Unklar ist mangels Studien, ob die nicht medikamentösen Verfahren auch bei einem milden oder moderaten RLS helfen können. Gerade in diesen Fällen suchen Betroffene vermutlich nach nicht invasiven Alternativen, um eine medikamentöse Behandlung umgehen oder – sofern diese schon begonnen wurde – möglicherweise die Dosis reduzieren zu können.

Für eine informierte Entscheidung sollten Betroffene regelmäßig über die zur Verfügung stehenden nicht medikamentösen Behandlungsoptionen und deren Vor- und Nachteile aufgeklärt werden.

Hintergrund: Restless-Legs-Syndrom

Das Restless-Legs-Syndrom (RLS) ist auch als Syndrom der unruhigen Beine bekannt.

RLS betrifft in Deutschland etwa 3-10 % der Erwachsenen. Frauen erkranken doppelt so häufig wie Männer.
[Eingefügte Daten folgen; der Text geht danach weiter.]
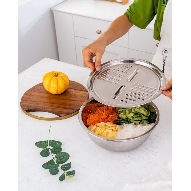 ✨3 IN 1- Một bộ rổ gồm 3 sản phẩm: nắp rổ để nạo, rổ đựng và rổ rửa.
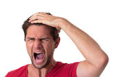młody człowiek Wyświetlono pięści i Szukam bardzo agresywne
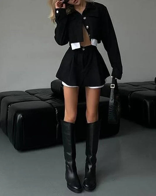 Dam Randig Skjorta och Högmidjade Shorts Lätt Material
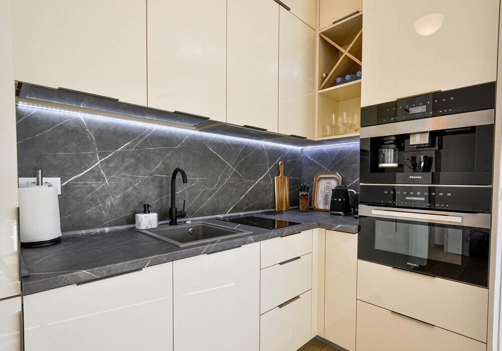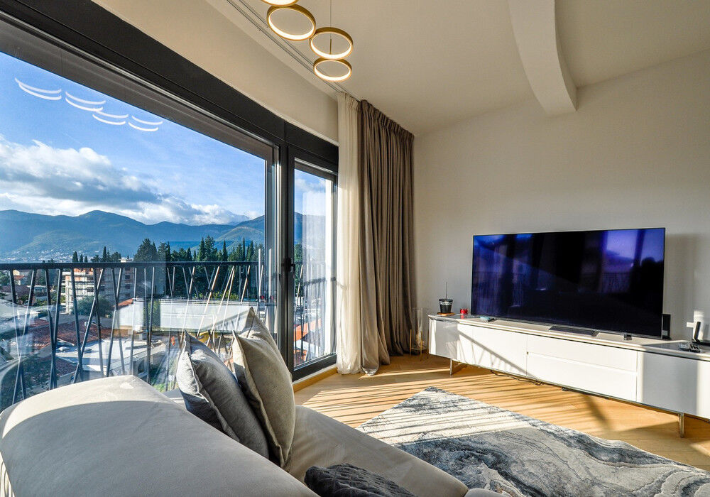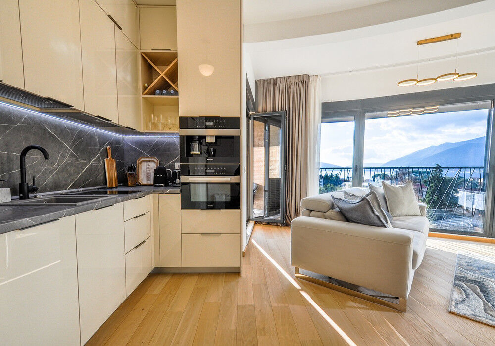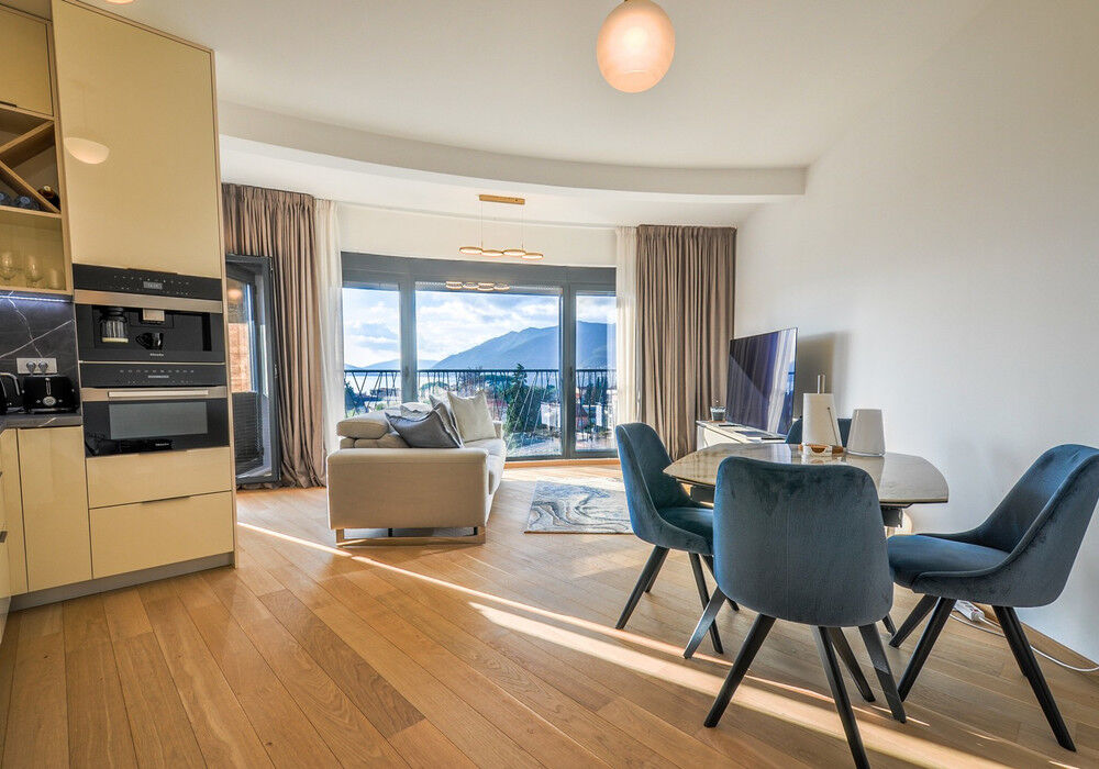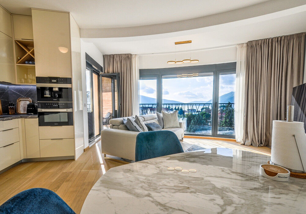 Tivat, Selyanovo district. Two bedroom apartment in one of the best areas of Tivat The house was built at the end of 2020 Distance to the sea 250m Sea view Fourth floor The house is equipped with an elevator The apartment is sold fully furnished The sale price includes one parking space The territory of the closed type Children's playground Near the house there are several excellent new cozy cafes and restaurants Panoramic windows and high ceilings High-quality furniture, plumbing and kitchen equipment Structure: Entrance hall, living room with kitchen and dining area, two bedrooms, two bathrooms with showers and toilets, large terrace with garden furniture All necessary urban infrastructure is within walking distance: kindergarten, school, large Playground, shops, pharmacy, cafes, restaurants. One of the best beaches of Tivat Waikiki can be reached in 7 minutes, Porto Montenegro and the city center in 15 minutes. The road to the sea – on flat terrain The entire urban infrastructure is within walking distance, the location is popular with both locals and wealthy tourists from all over the world We provide real estate management services, and we will help you rent out your apartment. In addition, this apartment is ideal for permanent residence and family holidays Real estate by the sea with a competent location is now considered as investment objects with year-round (and not seasonal) profitability. Investing in real estate on the seashore has become more profitable than ever.

Menschen im höheren Lebensalter sind häufiger betroffen als Jüngere.

Dabei sind im Gegensatz zum komorbiden RLS (hier können Ursachen als Auslöser festgestellt werden) beim idiopathischen RLS die Ursachen unbekannt, und diese Form des RLS ist nicht heilbar.
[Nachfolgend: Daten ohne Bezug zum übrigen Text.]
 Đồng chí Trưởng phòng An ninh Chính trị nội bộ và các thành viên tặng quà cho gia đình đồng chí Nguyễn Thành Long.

Das RLS zeigt sich durch einen unkontrollierbaren Bewegungsdrang sowie durch Kribbeln, Ziehen oder Schmerzen in den Beinen. Oft nehmen die Symptome in Ruhe zu und lassen bei Bewegung nach. Die meisten Betroffenen haben Ein- und Durchschlafstörungen – viele stehen mehrmals nachts auf und gehen umher, um ihre Beschwerden zu lindern. Das RLS kann daher häufig die Leistungsfähigkeit, Lebensqualität und psychische Gesundheit – bis hin zur Depression – beeinträchtigen.

Die Erkrankung verläuft unterschiedlich; meist werden die Beschwerden jedoch mit der Zeit stärker. Viele Betroffene nehmen Medikamente ein, um die Beschwerden zu lindern. Diese können allerdings Nebenwirkungen wie Übelkeit, Schlafstörungen oder Verhaltensauffälligkeiten verursachen oder sogar die Beschwerden noch verstärken.

Die Untersuchung im Auftrag des Instituts für Qualität und Wirtschaftlichkeit im Gesundheitswesen (IQWiG) führte ein interdisziplinäres Wissenschaftsteam der Gesundheit Österreich GmbH und der Medizinischen Universität Graz durch.